DIRECTIONS:
A verbatim copy of all the data is required; the pictures should not appear in it.

INFORMATION SHOWN:
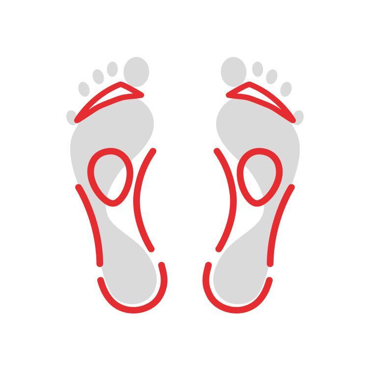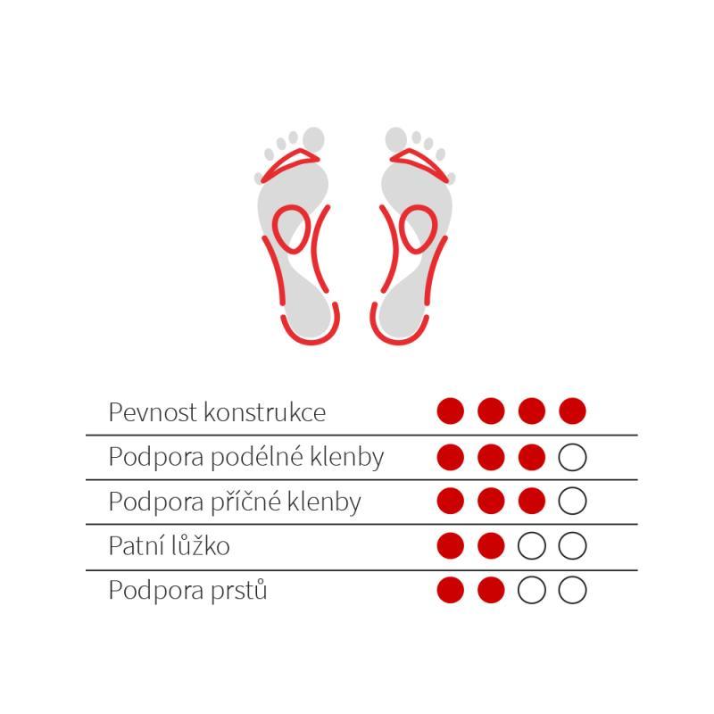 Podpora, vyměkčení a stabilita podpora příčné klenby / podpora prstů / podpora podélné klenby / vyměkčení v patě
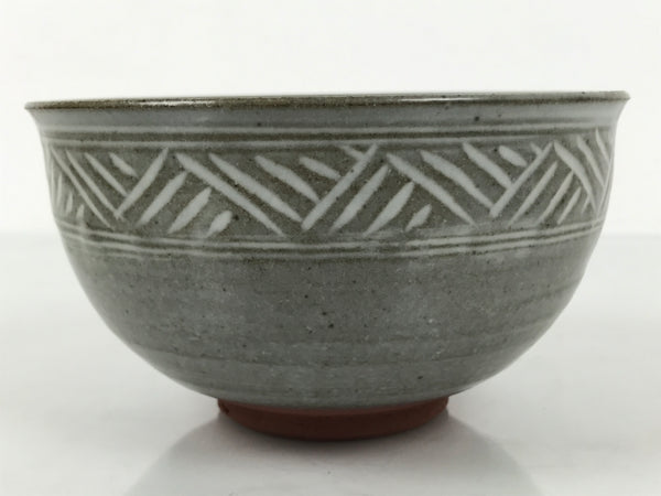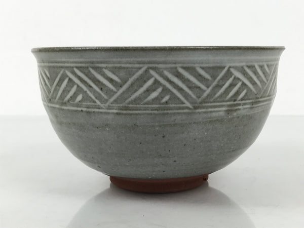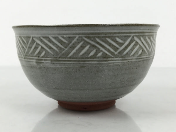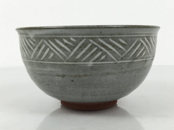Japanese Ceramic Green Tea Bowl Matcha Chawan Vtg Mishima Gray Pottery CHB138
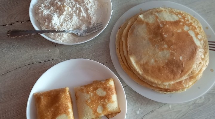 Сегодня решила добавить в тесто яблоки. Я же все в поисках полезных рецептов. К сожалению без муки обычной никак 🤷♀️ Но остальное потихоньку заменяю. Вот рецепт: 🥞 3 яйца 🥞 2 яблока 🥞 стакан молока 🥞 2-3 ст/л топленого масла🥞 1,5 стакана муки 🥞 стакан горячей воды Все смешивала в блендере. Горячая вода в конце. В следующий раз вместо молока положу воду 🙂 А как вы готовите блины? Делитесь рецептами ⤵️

SOLUTION BELOW:
 Podpora, vyměkčení a stabilita podpora příčné klenby / podpora prstů / podpora podélné klenby / vyměkčení v patě
Japanese Ceramic Green Tea Bowl Matcha Chawan Vtg Mishima Gray Pottery CHB138
 Сегодня решила добавить в тесто яблоки. Я же все в поисках полезных рецептов. К сожалению без муки обычной никак 🤷♀️ Но остальное потихоньку заменяю. Вот рецепт: 🥞 3 яйца 🥞 2 яблока 🥞 стакан молока 🥞 2-3 ст/л топленого масла🥞 1,5 стакана муки 🥞 стакан горячей воды Все смешивала в блендере. Горячая вода в конце. В следующий раз вместо молока положу воду 🙂 А как вы готовите блины? Делитесь рецептами ⤵️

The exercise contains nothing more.